START Recorded data
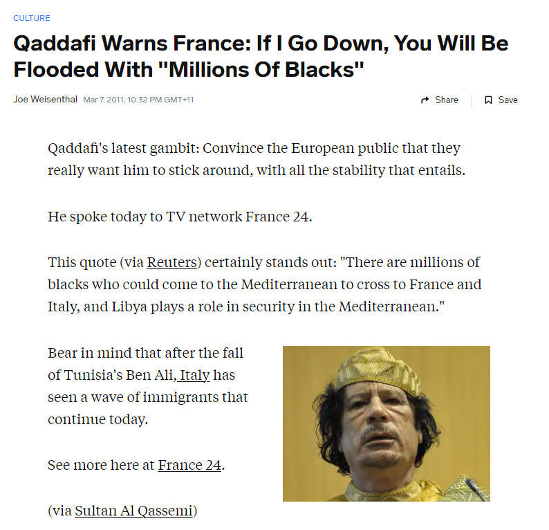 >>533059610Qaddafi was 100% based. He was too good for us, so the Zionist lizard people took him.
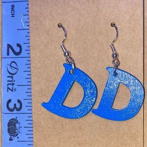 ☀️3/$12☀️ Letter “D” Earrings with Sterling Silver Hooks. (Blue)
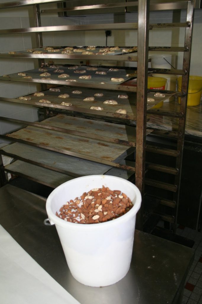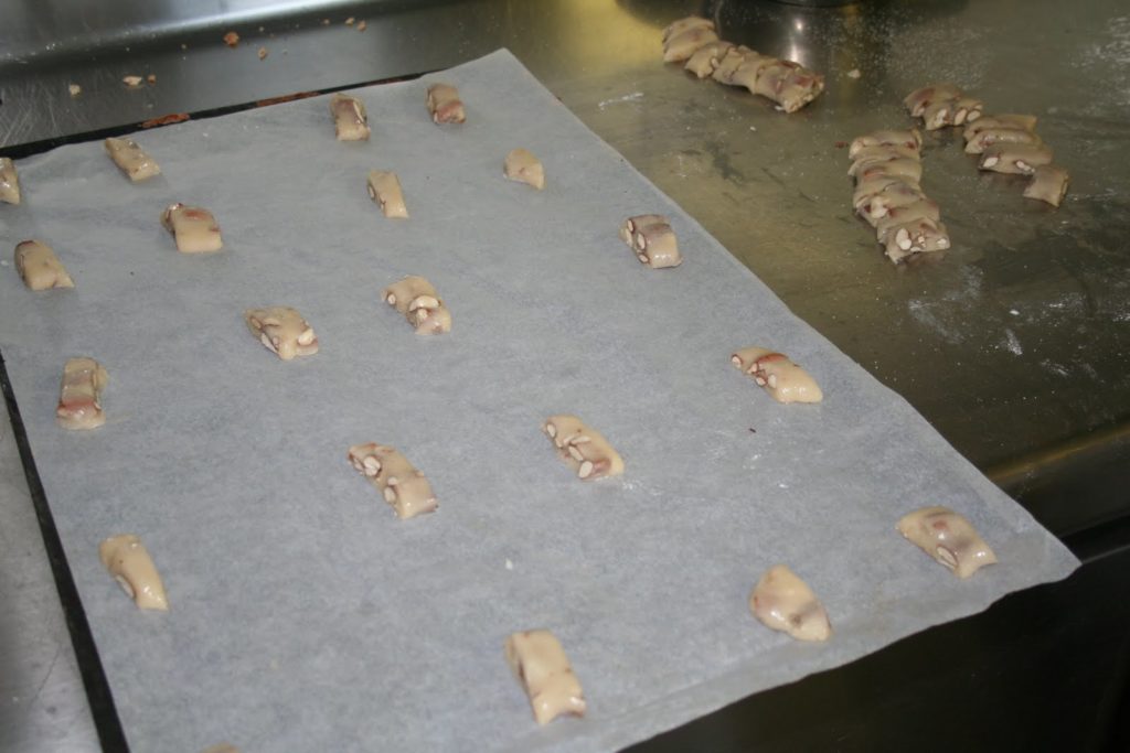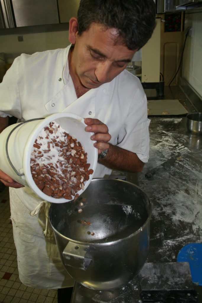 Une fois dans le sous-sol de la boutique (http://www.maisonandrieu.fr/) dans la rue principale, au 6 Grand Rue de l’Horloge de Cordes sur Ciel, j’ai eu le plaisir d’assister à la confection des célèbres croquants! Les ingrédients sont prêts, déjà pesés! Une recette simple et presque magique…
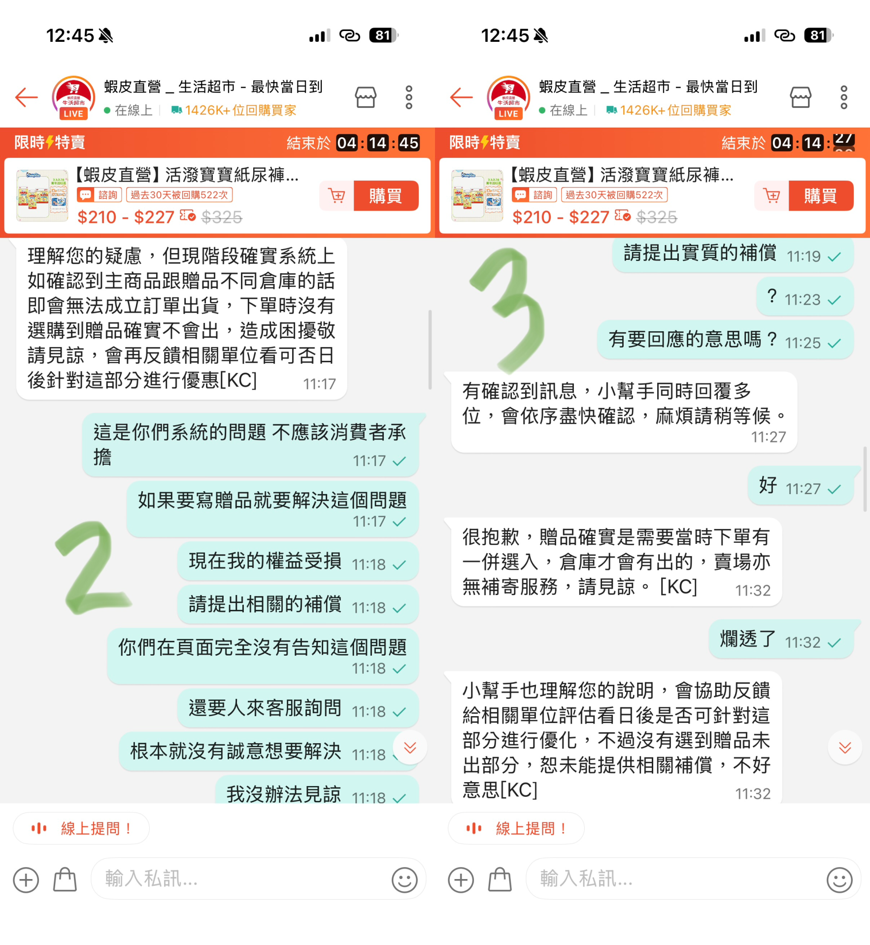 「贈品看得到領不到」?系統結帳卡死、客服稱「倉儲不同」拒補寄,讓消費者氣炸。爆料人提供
END Recorded data
- Task to carry out: Should there be pictures in the data, leave them out and return the rest exactly.

- Output for this task:
 >>533059610Qaddafi was 100% based. He was too good for us, so the Zionist lizard people took him.
 ☀️3/$12☀️ Letter “D” Earrings with Sterling Silver Hooks. (Blue)
 Une fois dans le sous-sol de la boutique (http://www.maisonandrieu.fr/) dans la rue principale, au 6 Grand Rue de l’Horloge de Cordes sur Ciel, j’ai eu le plaisir d’assister à la confection des célèbres croquants! Les ingrédients sont prêts, déjà pesés! Une recette simple et presque magique…
 「贈品看得到領不到」?系統結帳卡死、客服稱「倉儲不同」拒補寄,讓消費者氣炸。爆料人提供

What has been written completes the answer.